Two miles below the surface of the ocean, researchers from the University of Hawai‘i at Mānoa and colleagues discovered new microbes that “breathe” sulfate — that is, gain energy by reacting sulfate with organic (carbon-containing) compounds.
The microbes, which have yet to be classified and named, exist in massive undersea aquifers — networks of channels in porous rock beneath the ocean where water continually churns. About one-third of the Earth’s biomass is thought to exist in this largely uncharted environment.
Using DNA sequencing, a team of UH Mānoa researchers has spent the last few years accumulating strong evidence that this area of the deep subsurface harbors unique microorganisms. It’s a massive biome dominated by microbes that scientists know very little about.
“That’s what makes this recent work exciting — while we suspected it in the past, we now have DNA sequence data linking sulfate reduction to some of these new and novel microorganisms,” said Michael Rappé, associate researcher at the Hawai‘i Institute of Marine Biology (HIMB).
Rappé, along with Alberto Robado (lead author; now at University of Southern California) and others, published a paper on the new findings this month in the open-access journal Frontiers in Microbiology.
Sulfate is a compound of sulfur and oxygen that occurs naturally in seawater.
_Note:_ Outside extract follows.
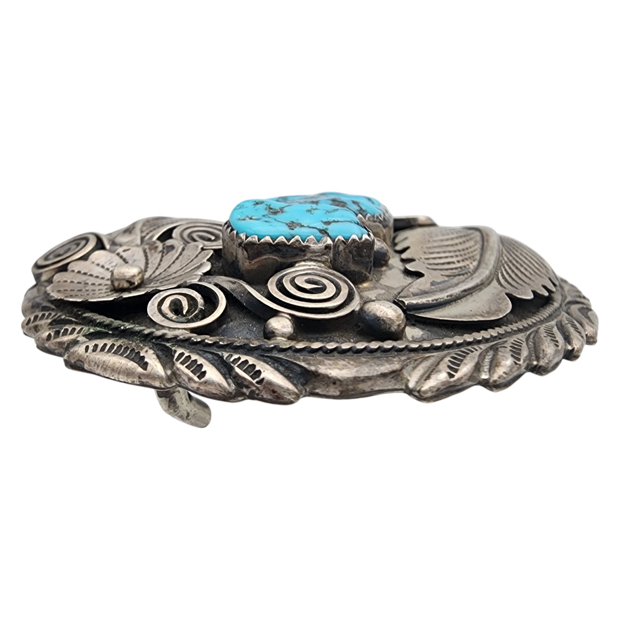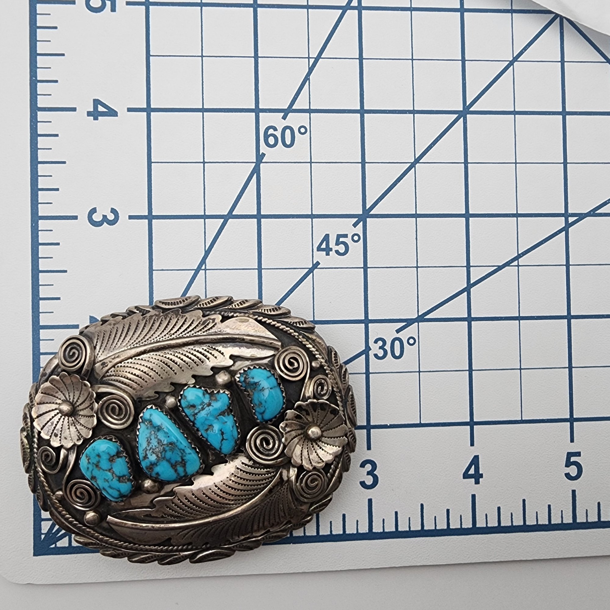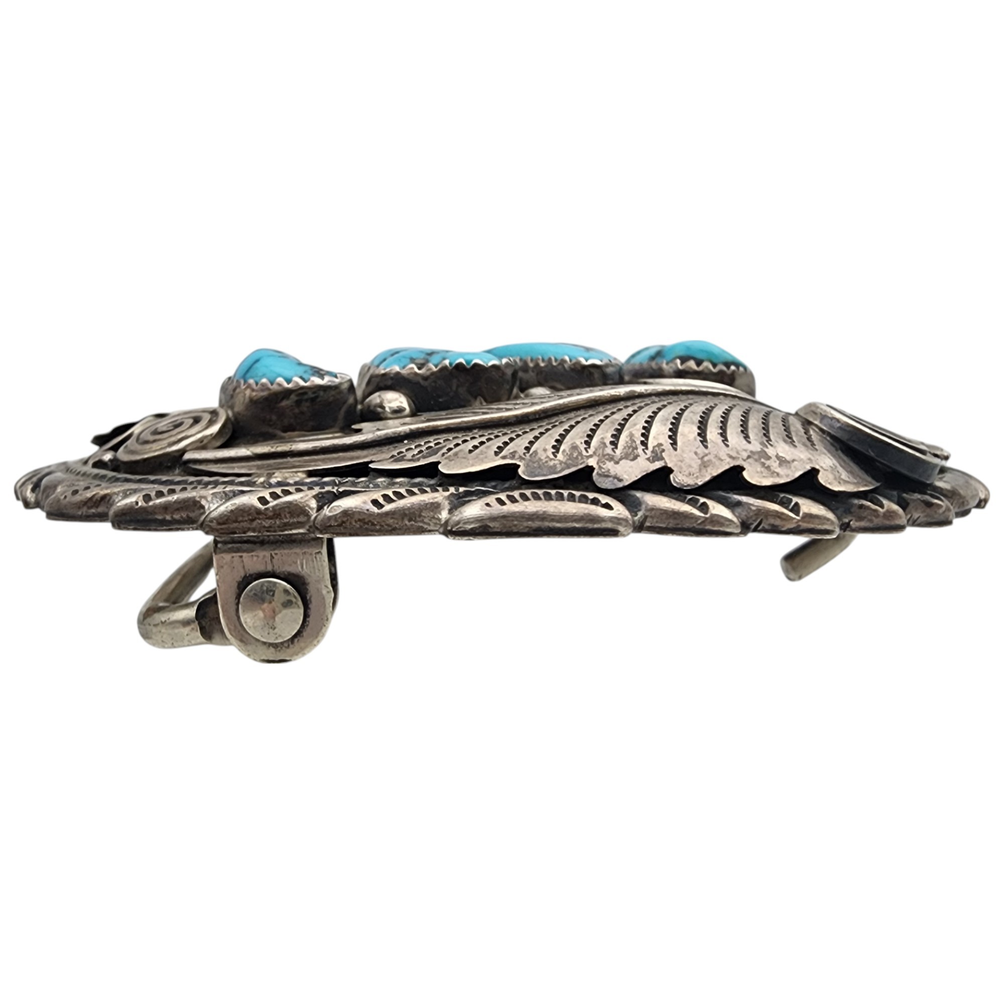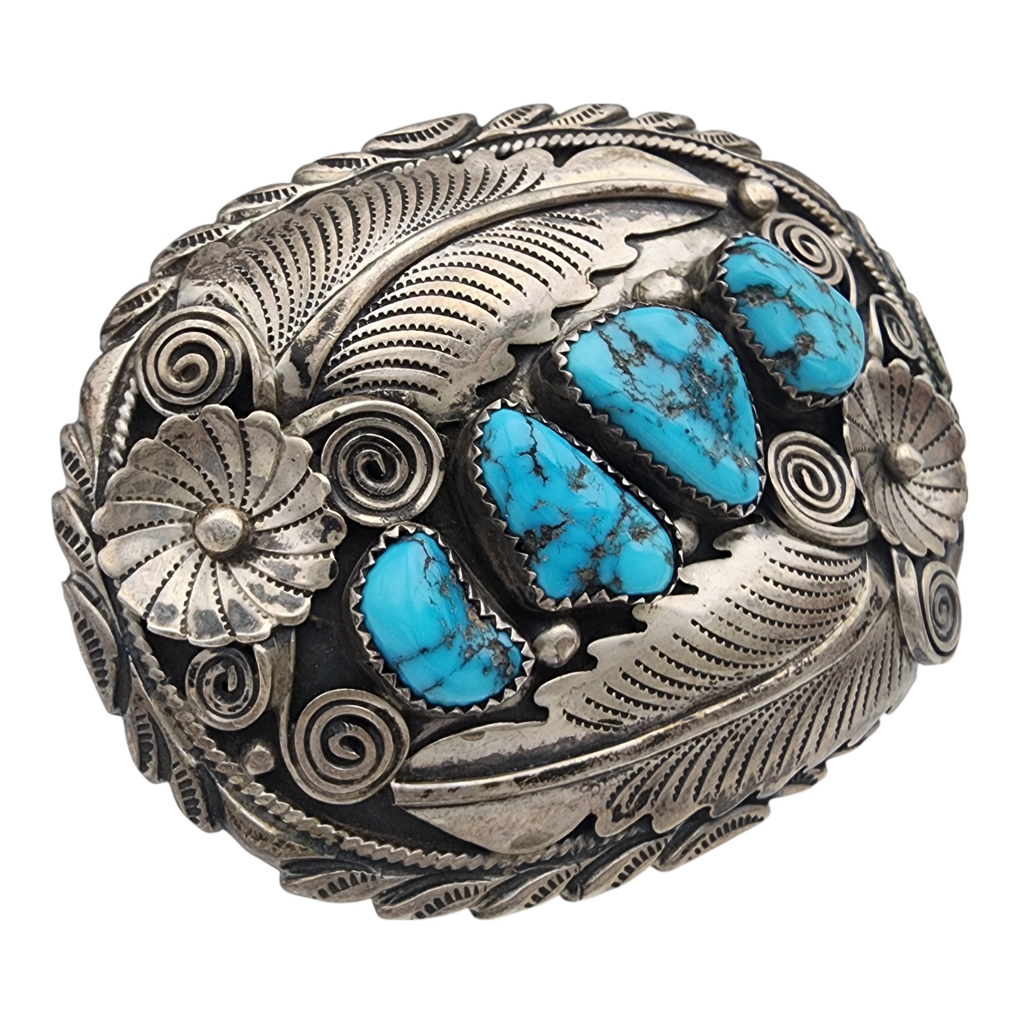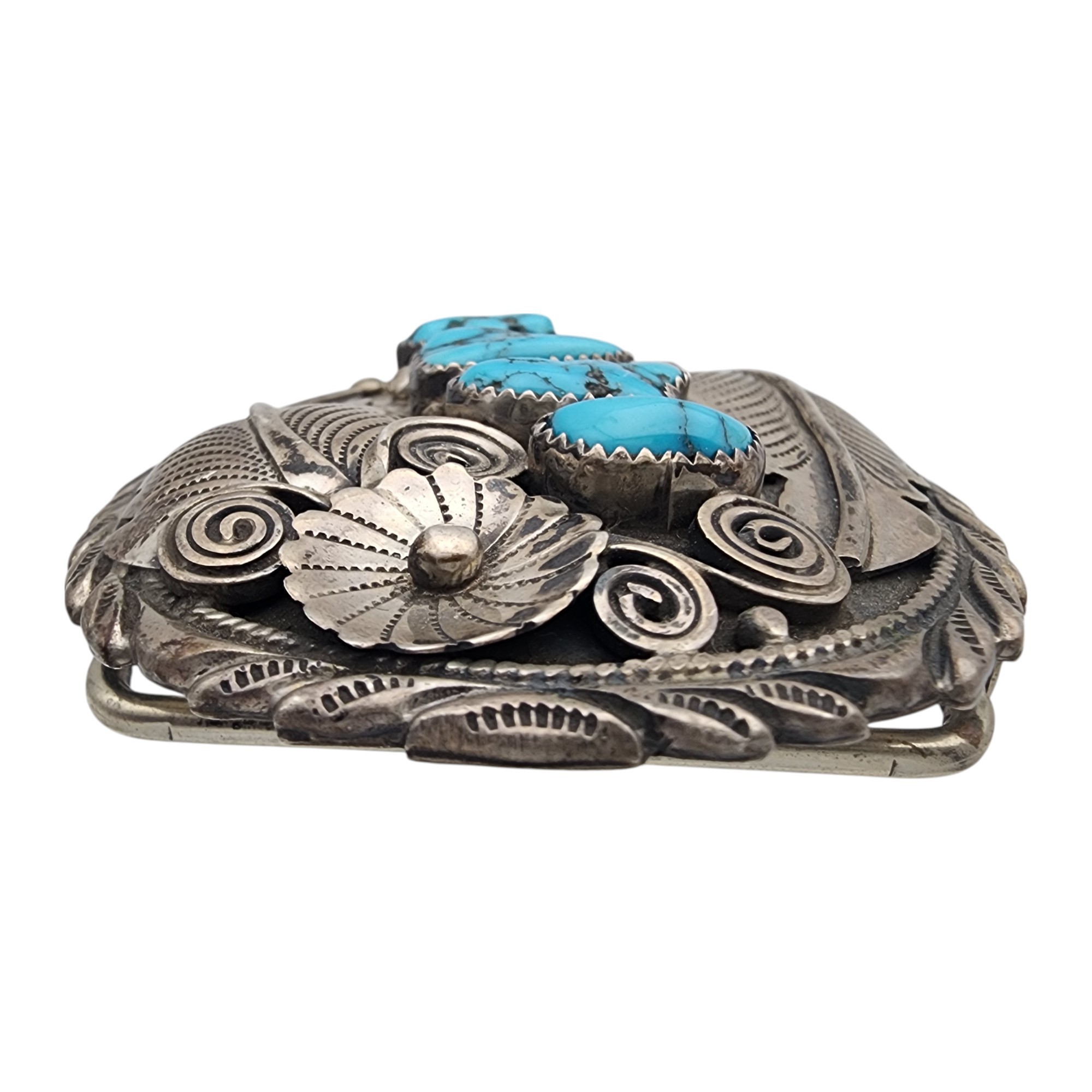 Jimmy Yazzie Navajo Sterling Turquoise Belt Buckle 48.4g – amazing applique details on this belt buckle!

It is used commercially in a range of applications -— from car batteries to bath salts — and can be aerosolized by the burning of fossil fuels, increasing the acidity of the atmosphere.
Microbes that reduce sulfate are thought to be some of the oldest types of organisms on Earth and have previously been found in marshes and hydrothermal vents. Microbes beneath the ocean’s crust, however, are incredibly tricky to sample.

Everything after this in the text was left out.